PROBLEM REQUIREMENTS » Everything from the line containing "为进一步拓宽学院学生学术视野" to the last line of the listing below should be restated exactly, both ends included, with nothing added and the pictures omitted.

AVAILABLE DATA »
* * *

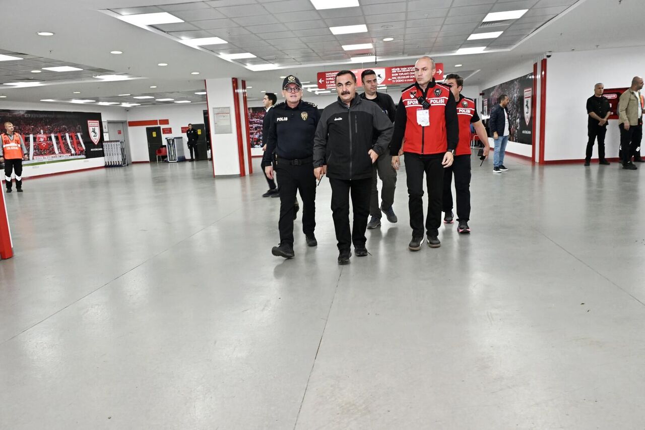 Ayrıca, seyirci giriş-çıkış noktaları, bilet kontrol alanları ve otopark bölgelerinde alınan tedbirleri denetleyerek detaylı bilgi aldı.
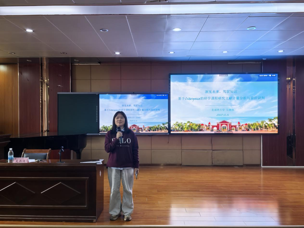 为进一步拓宽学院学生学术视野、提升专业认知,扎实推进学院人才培养工作部署,12月16日15:00,北部湾大学人文学院教师吴燕侠博士以“洞见未来,驾驭知识——基于Citespace的研学课程研究文献计量分析与前沿研判”为题,为全院师生带来一场兼具理论深度与实践价值的学术讲座。本次讲座由刘云春教授主持,作为学院各教研室每学期常规学术工作的重要组成,讲座通过“理论讲解+实操演示+互动交流”相结合的形式,系统讲授文献计量分析方法与科研工具应用技巧,内容务实、指导性强,有效助力师生提升学术研究能力。
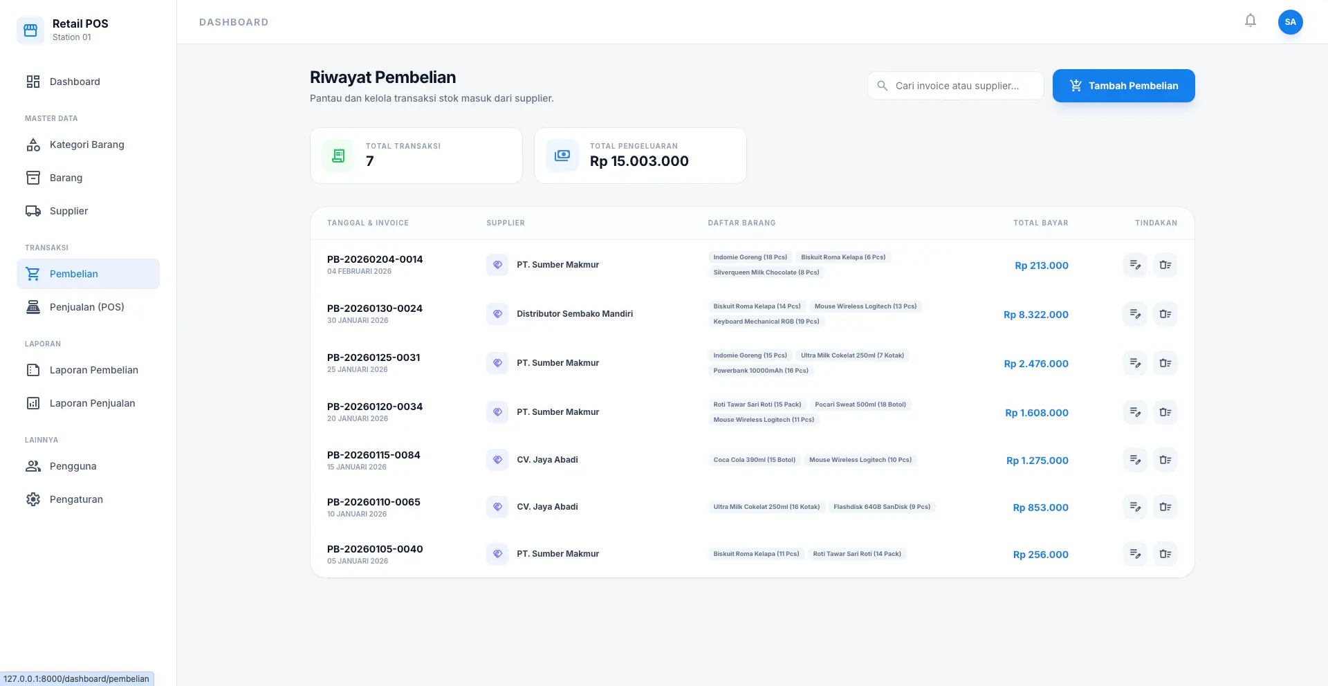 - MySQL: Database handal untuk menyimpan data produk, transaksi, supplier, dan pengguna secara aman.

* * *

ANSWER BOX »
 为进一步拓宽学院学生学术视野、提升专业认知,扎实推进学院人才培养工作部署,12月16日15:00,北部湾大学人文学院教师吴燕侠博士以“洞见未来,驾驭知识——基于Citespace的研学课程研究文献计量分析与前沿研判”为题,为全院师生带来一场兼具理论深度与实践价值的学术讲座。本次讲座由刘云春教授主持,作为学院各教研室每学期常规学术工作的重要组成,讲座通过“理论讲解+实操演示+互动交流”相结合的形式,系统讲授文献计量分析方法与科研工具应用技巧,内容务实、指导性强,有效助力师生提升学术研究能力。
 - MySQL: Database handal untuk menyimpan data produk, transaksi, supplier, dan pengguna secara aman.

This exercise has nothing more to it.